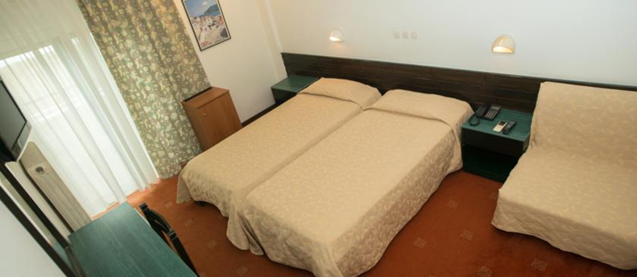 Struktura soba: Standardna soba – oko 14-17m2. Namenjene za 2-4 osobe (dva odvojena kreveta i pomoćni krevet). Jedno dete od 0-8 godina deli krevet sa roditeljima.
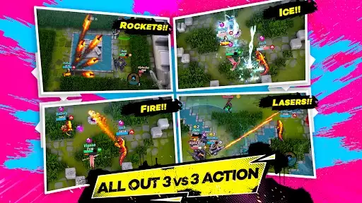 Embrace your inner coolness as a Terminator Robot ?(or Shark Dog ??) and enjoy over-the-top 3v3 combat in humorous yet wildly epic battle action. Duke it out with friends or join forces with others and blast your way through various game modes in under three minutes. Easy and intuitive game controls, but endless team customization possibilities with 20+ heroes and even more skins to unlock as you progress.
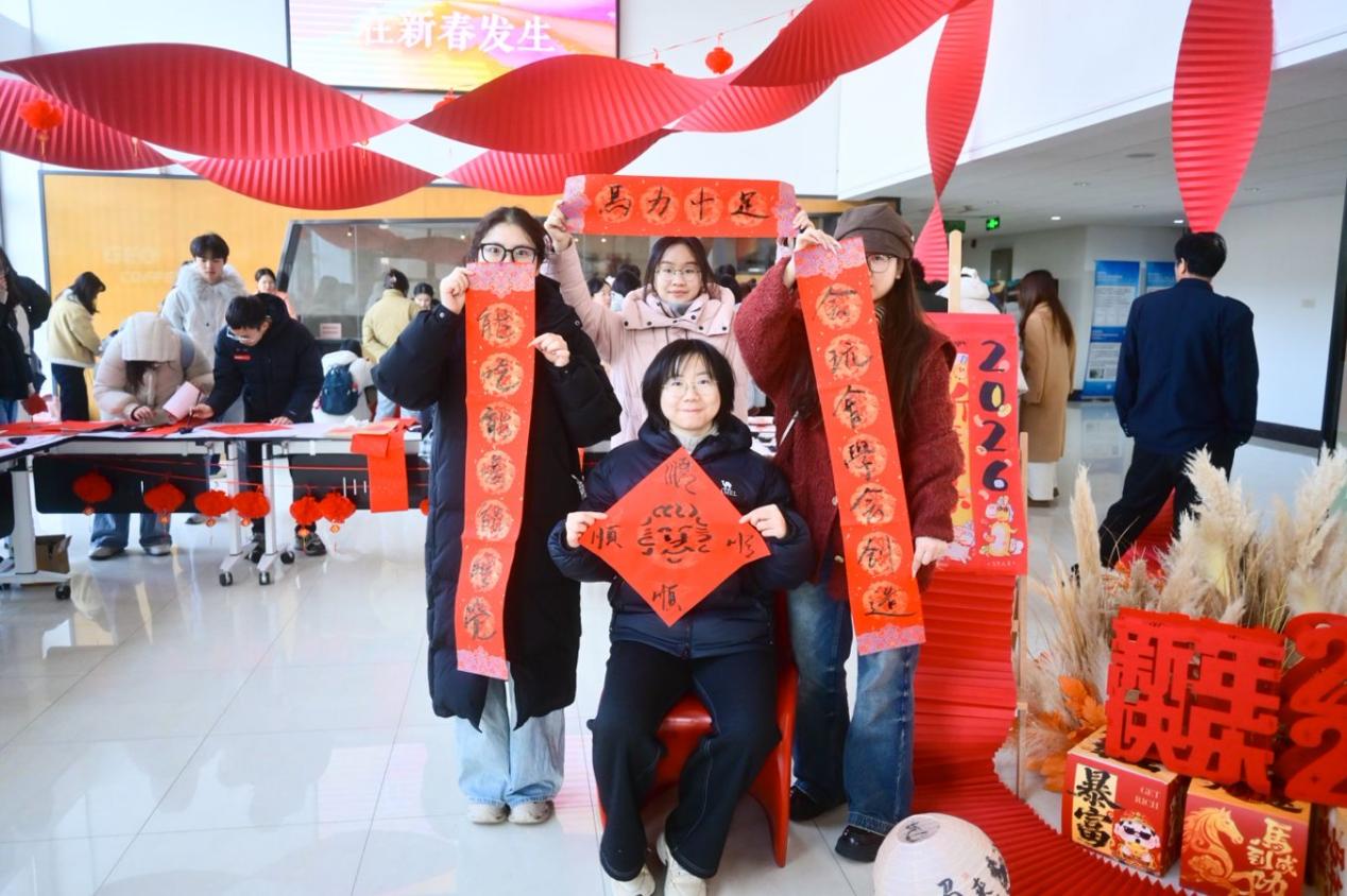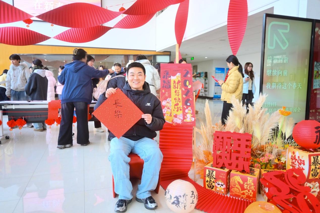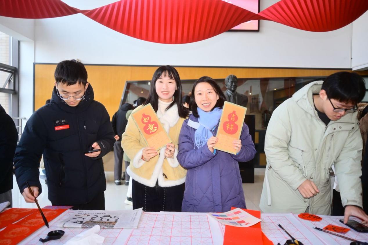 对联区红纸铺展、墨香四溢,是现场最具人气的角落。师生们挥毫泼墨,将新春期许凝于笔端。擅长书法的老师笔下,“骏马奋蹄探科研秘境,春风送暖结学术硕果”等春联一气呵成;初学的同学虽笔画稚嫩,却也在一笔一划里写满真诚。各式字体的“福”字、“如意”“安康”等吉祥词跃然纸上,这份亲手书写的祝福,比印刷的春联多了一份心意,也让传统文化的根脉在笔墨间扎根。
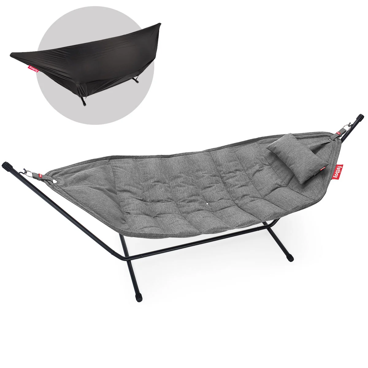 The Headdemock hammock Superb Deluxe from Fatboy has a comfortable pillow, a sturdy frame and a protective cover in addition to the mat itself. It is suitable for two people (max. 150 kg) and is not dependent on a rope or tree.
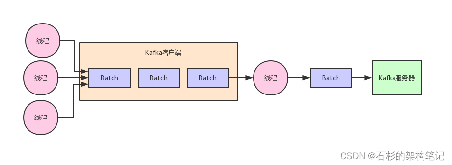 但是问题来了,大家可以思考一下,一个Batch中的数据,会取出来然后封装在底层的网络包里,通过网络发送出去到达Kafka服务器。
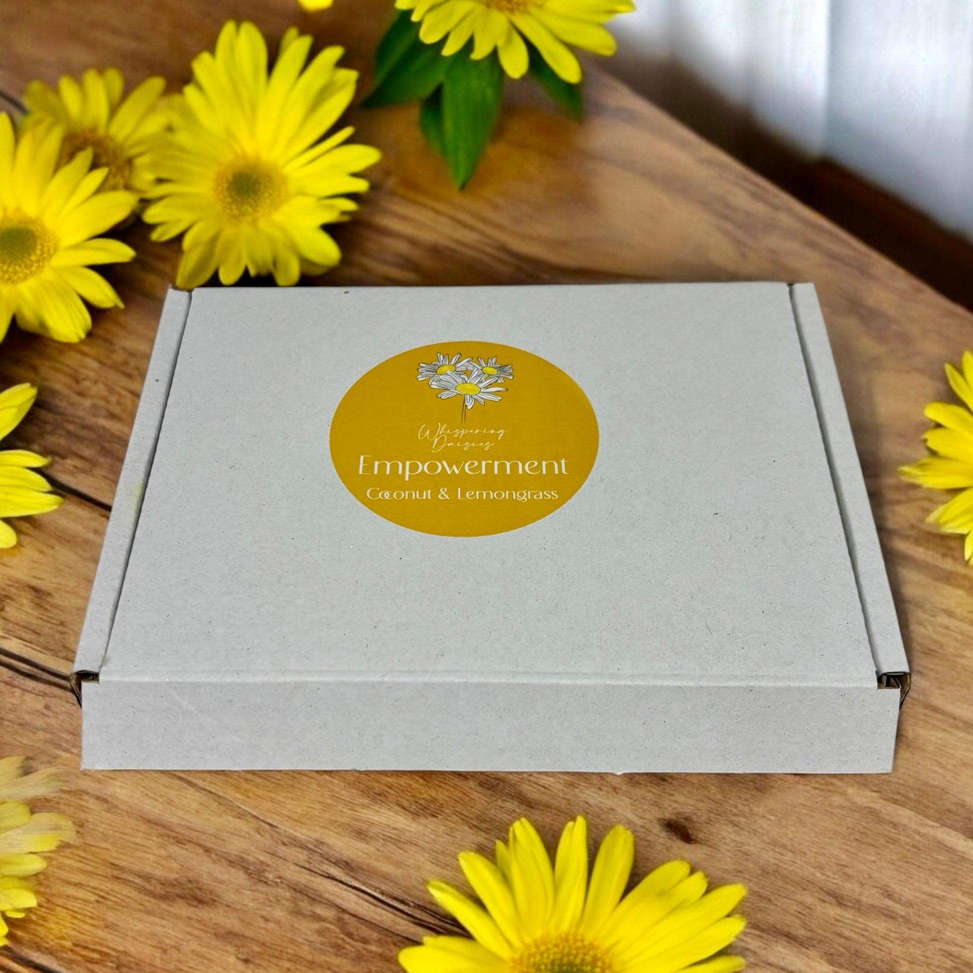 Empower your day and uplift your home with the Empowerment Daisy-Shaped Wax Melt Box from Whispering Daisies. Each box contains five beautifully handcrafted daisy-shaped wax melts, carefully wrapped in crisp white paper, making them a perfect gift or a special treat for yourself. The Empowerment scent is designed to inspire confidence, create a positive atmosphere, and surround you with a sense of emotional wellbeing.
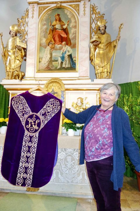 - Rita Stoib mit dem violetten Meßgewand für die Advent- und Fastenzeit
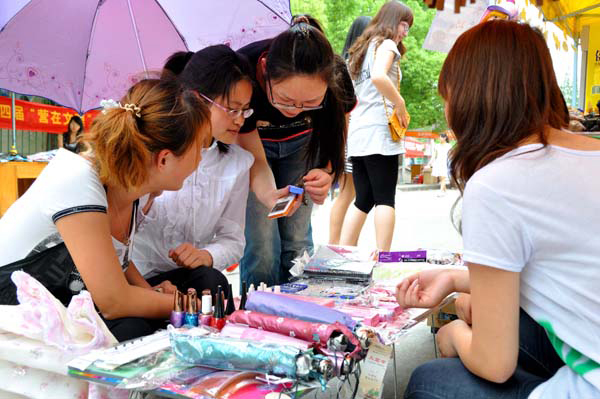 本网讯(员工记者 李立科)“尝一尝,不买也不要紧”、“买洗面奶还有好礼相送”、“全场十元”“便宜点,打个折”……5月12日,泮池湖畔人头涌动,第四届“营在文理”营销策划大赛拉开帷幕。
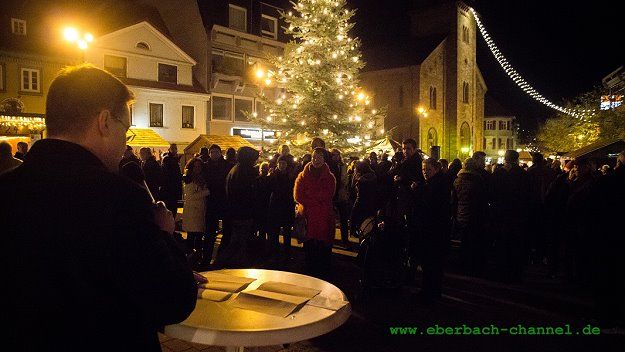 Von Freitagnachmittag bis Sonntagabend, 1. Advent, herrschte auf dem Neuen Markt vorweihnachtliche Stimmung. Aus rund 15 Buden bestand das Weihnachtsdorf, und neben Kunsthandwerk und kulinarischen Angeboten kam auch wieder die Unterhaltung nicht zu kurz. Vor dem beleuchteten Weihnachtsbaum in der Mitte des Platzes war eine Bühne aufgebaut, auf der verschiedene Kulturevents stattfanden. Es musizierten der evangelische Posaunenchor, der Fanfarenzug, die Riverside Gospel Singers, der Chor "Right Now!", Kinderchöre der Eberbacher Grundschulen und der russische Chor "Nadeshda". Am Samstagnachmittag kam das Christkind (Lilith Back) mit einem Schlittenhundegespann auf den Weihnachtsmarkt gefahren, und der Weihnachtsmann (Eugen Emmig) verteilte kleine Geschenke. Bürgermeister Peter Reichert hatte den Weihnachtsmarkt am Freitagabend mit einer kleinen Ansprache eröffnet.
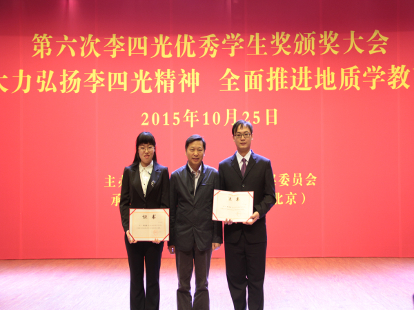 “第六次李四光优秀学生奖”共表彰了18位求学期间在地质类专业领域上突出的学生,国土资源部部长姜大明为他们颁奖并亲切交谈。我校地学院12级硕士生张佳佳和12级本科生张毅颖分别获得“李四光优秀硕士研究生奖”和“李四光优秀大学生奖”。张佳佳专业基础扎实,勤于思考,勇于创新,目前已发表学术论文7篇,其中国内SCI1篇,以第一作者发表国际三区SCI论文一篇,同时以第一作者发表两篇国际重要会议论文。张毅颖学习成绩优异,是北京市三好学生和“先锋杯”优秀团员,本科三年,共获得5项国家级奖励,4项省部级奖励,10项校级奖励,以第一作者发表两篇学术论文。
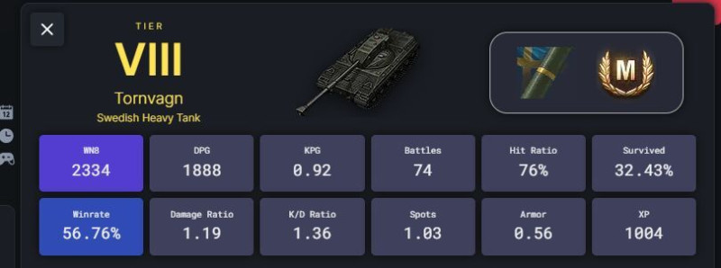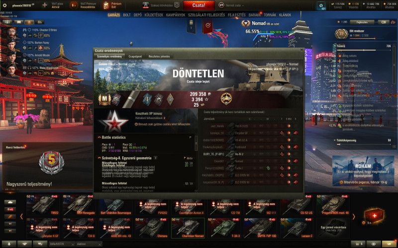 Én ezt tudtam vele hozni, ami nálam egy jobb tankok között van, de bőven messze a 2k+-tól amit t832. BZ, Skoda, somua..stb azért tudok tartani.
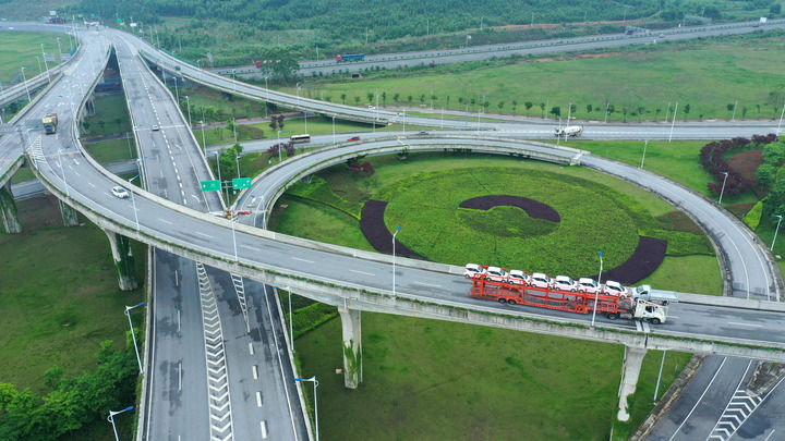5月11日,装运商品车的货车驶出广西柳州汽车城(无人机照片)。新华社发(黎寒池 摄)
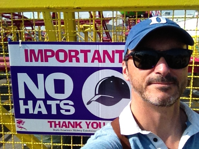 This sign is posted by the lineup for a small roller-coaster at the Canadian National Exhibition, in Toronto. It says “No Saving Space in Line. Leaving the line forfeits your spot. Thank you.”
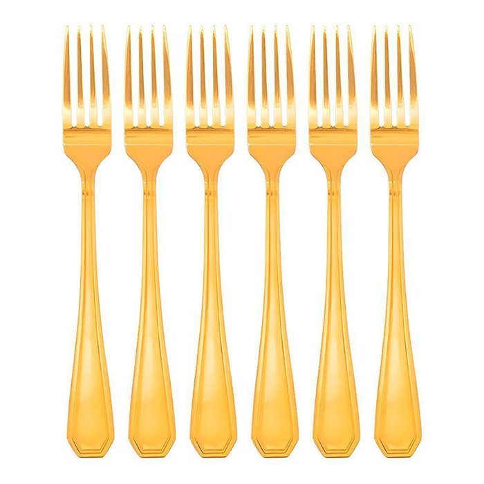 Conjunto Faqueiro 18 Peças Jogo Talheres de Mesa Jantar Garfo Faca Colher Victoria Gold Inox dourado
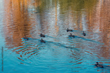 Ducks swim in a pond in an autumn park.
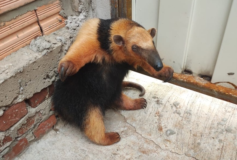 Animal Silvestre Uma ocorrência inusitada movimentou a manhã desta sexta-feira (31) em Santa Cruz do Rio Pardo. A equipe do Corpo de Bombeiros foi acionada para realizar o resgate de um tamanduá-mirim (Tamandua tetradactyla) no quintal de uma casa no Jardim Fátima. O animal silvestre foi encontrado pelo morador da residência. O tamanduá foi encontrado saudável e sem ferimentos.

#### WHAT TO WORK ON
With the pictures omitted, give every line above again exactly.

#### ANSWER SPACE
 Struktura soba: Standardna soba – oko 14-17m2. Namenjene za 2-4 osobe (dva odvojena kreveta i pomoćni krevet). Jedno dete od 0-8 godina deli krevet sa roditeljima.
 Embrace your inner coolness as a Terminator Robot ?(or Shark Dog ??) and enjoy over-the-top 3v3 combat in humorous yet wildly epic battle action. Duke it out with friends or join forces with others and blast your way through various game modes in under three minutes. Easy and intuitive game controls, but endless team customization possibilities with 20+ heroes and even more skins to unlock as you progress.
 对联区红纸铺展、墨香四溢,是现场最具人气的角落。师生们挥毫泼墨,将新春期许凝于笔端。擅长书法的老师笔下,“骏马奋蹄探科研秘境,春风送暖结学术硕果”等春联一气呵成;初学的同学虽笔画稚嫩,却也在一笔一划里写满真诚。各式字体的“福”字、“如意”“安康”等吉祥词跃然纸上,这份亲手书写的祝福,比印刷的春联多了一份心意,也让传统文化的根脉在笔墨间扎根。
 The Headdemock hammock Superb Deluxe from Fatboy has a comfortable pillow, a sturdy frame and a protective cover in addition to the mat itself. It is suitable for two people (max. 150 kg) and is not dependent on a rope or tree.
 但是问题来了,大家可以思考一下,一个Batch中的数据,会取出来然后封装在底层的网络包里,通过网络发送出去到达Kafka服务器。
 Empower your day and uplift your home with the Empowerment Daisy-Shaped Wax Melt Box from Whispering Daisies. Each box contains five beautifully handcrafted daisy-shaped wax melts, carefully wrapped in crisp white paper, making them a perfect gift or a special treat for yourself. The Empowerment scent is designed to inspire confidence, create a positive atmosphere, and surround you with a sense of emotional wellbeing.
 - Rita Stoib mit dem violetten Meßgewand für die Advent- und Fastenzeit
 本网讯(员工记者 李立科)“尝一尝,不买也不要紧”、“买洗面奶还有好礼相送”、“全场十元”“便宜点,打个折”……5月12日,泮池湖畔人头涌动,第四届“营在文理”营销策划大赛拉开帷幕。
 Von Freitagnachmittag bis Sonntagabend, 1. Advent, herrschte auf dem Neuen Markt vorweihnachtliche Stimmung. Aus rund 15 Buden bestand das Weihnachtsdorf, und neben Kunsthandwerk und kulinarischen Angeboten kam auch wieder die Unterhaltung nicht zu kurz. Vor dem beleuchteten Weihnachtsbaum in der Mitte des Platzes war eine Bühne aufgebaut, auf der verschiedene Kulturevents stattfanden. Es musizierten der evangelische Posaunenchor, der Fanfarenzug, die Riverside Gospel Singers, der Chor "Right Now!", Kinderchöre der Eberbacher Grundschulen und der russische Chor "Nadeshda". Am Samstagnachmittag kam das Christkind (Lilith Back) mit einem Schlittenhundegespann auf den Weihnachtsmarkt gefahren, und der Weihnachtsmann (Eugen Emmig) verteilte kleine Geschenke. Bürgermeister Peter Reichert hatte den Weihnachtsmarkt am Freitagabend mit einer kleinen Ansprache eröffnet.
 “第六次李四光优秀学生奖”共表彰了18位求学期间在地质类专业领域上突出的学生,国土资源部部长姜大明为他们颁奖并亲切交谈。我校地学院12级硕士生张佳佳和12级本科生张毅颖分别获得“李四光优秀硕士研究生奖”和“李四光优秀大学生奖”。张佳佳专业基础扎实,勤于思考,勇于创新,目前已发表学术论文7篇,其中国内SCI1篇,以第一作者发表国际三区SCI论文一篇,同时以第一作者发表两篇国际重要会议论文。张毅颖学习成绩优异,是北京市三好学生和“先锋杯”优秀团员,本科三年,共获得5项国家级奖励,4项省部级奖励,10项校级奖励,以第一作者发表两篇学术论文。
 Én ezt tudtam vele hozni, ami nálam egy jobb tankok között van, de bőven messze a 2k+-tól amit t832. BZ, Skoda, somua..stb azért tudok tartani.
5月11日,装运商品车的货车驶出广西柳州汽车城(无人机照片)。新华社发(黎寒池 摄)
 This sign is posted by the lineup for a small roller-coaster at the Canadian National Exhibition, in Toronto. It says “No Saving Space in Line. Leaving the line forfeits your spot. Thank you.”
 Conjunto Faqueiro 18 Peças Jogo Talheres de Mesa Jantar Garfo Faca Colher Victoria Gold Inox dourado
 Ducks swim in a pond in an autumn park.
 Animal Silvestre Uma ocorrência inusitada movimentou a manhã desta sexta-feira (31) em Santa Cruz do Rio Pardo. A equipe do Corpo de Bombeiros foi acionada para realizar o resgate de um tamanduá-mirim (Tamandua tetradactyla) no quintal de uma casa no Jardim Fátima. O animal silvestre foi encontrado pelo morador da residência. O tamanduá foi encontrado saudável e sem ferimentos.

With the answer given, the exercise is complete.